> **SOURCE MATERIAL**:
*-*-*

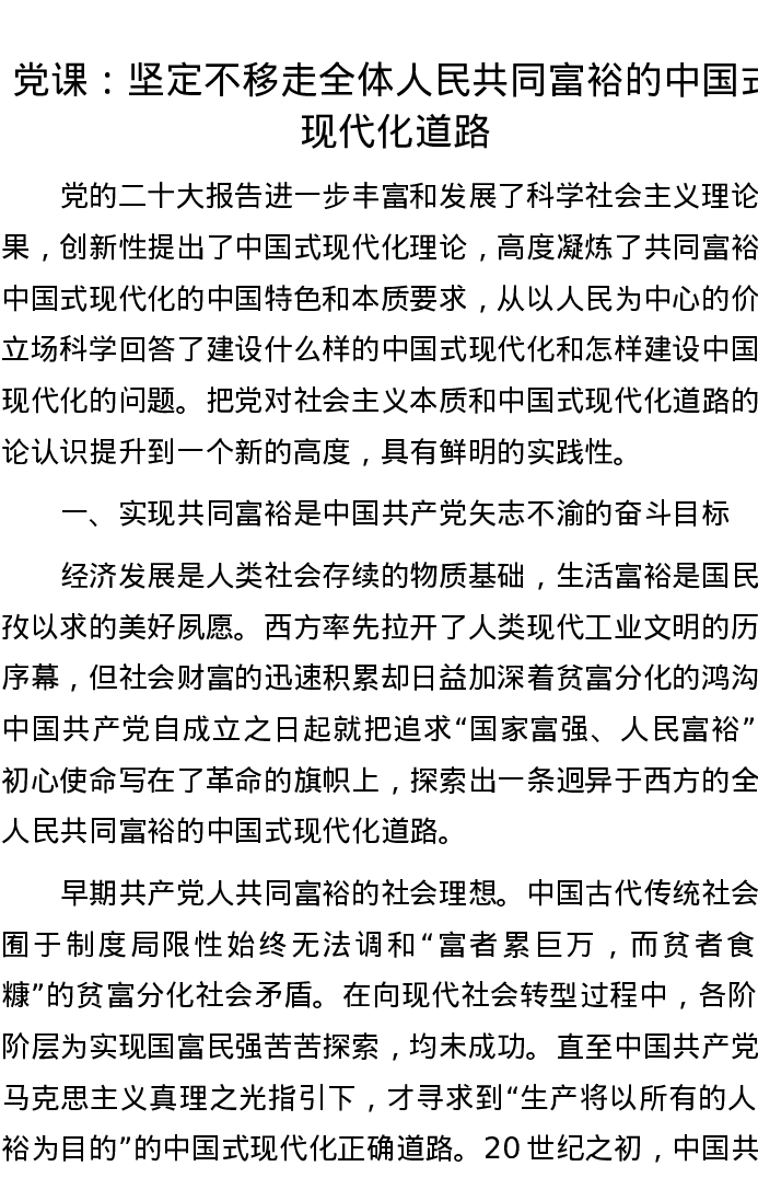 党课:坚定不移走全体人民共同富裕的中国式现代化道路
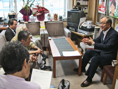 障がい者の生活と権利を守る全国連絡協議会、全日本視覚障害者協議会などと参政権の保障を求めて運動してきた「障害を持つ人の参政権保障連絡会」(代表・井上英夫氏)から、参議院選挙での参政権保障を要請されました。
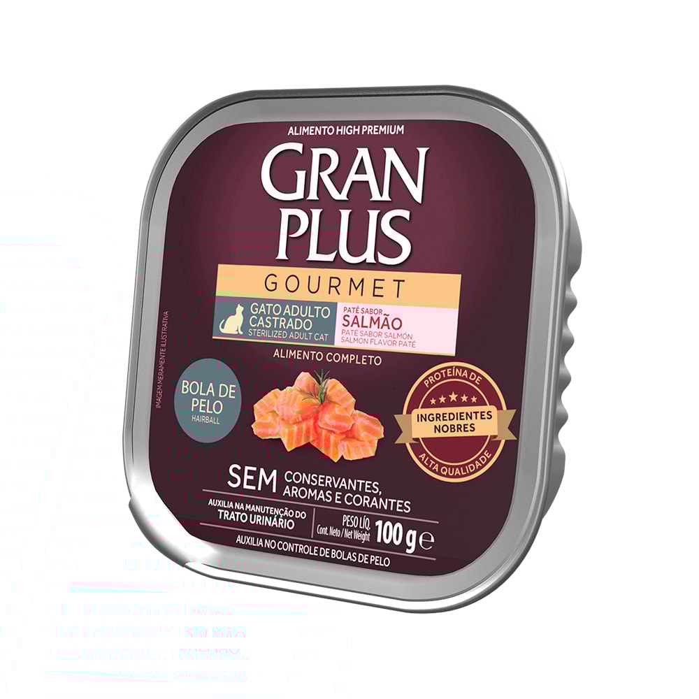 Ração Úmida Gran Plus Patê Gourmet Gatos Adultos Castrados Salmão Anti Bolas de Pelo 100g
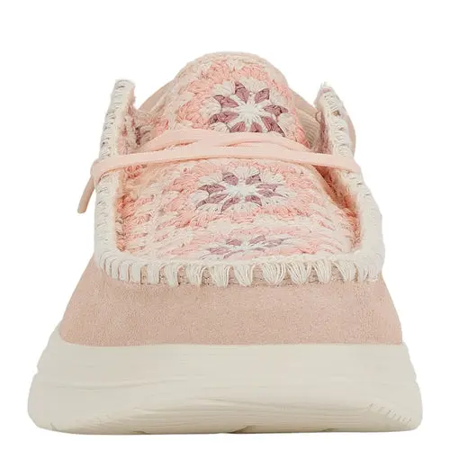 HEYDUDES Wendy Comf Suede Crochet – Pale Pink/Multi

*-*-*

> **WORK INSTRUCTION**: Your copy should consist only of the lines from the line holding "Ração Úmida Gran" through the final line of the listing above, both included, with all pictures omitted.

> **SOLUTION TO THE EXERCISE**:
 Ração Úmida Gran Plus Patê Gourmet Gatos Adultos Castrados Salmão Anti Bolas de Pelo 100g
 HEYDUDES Wendy Comf Suede Crochet – Pale Pink/Multi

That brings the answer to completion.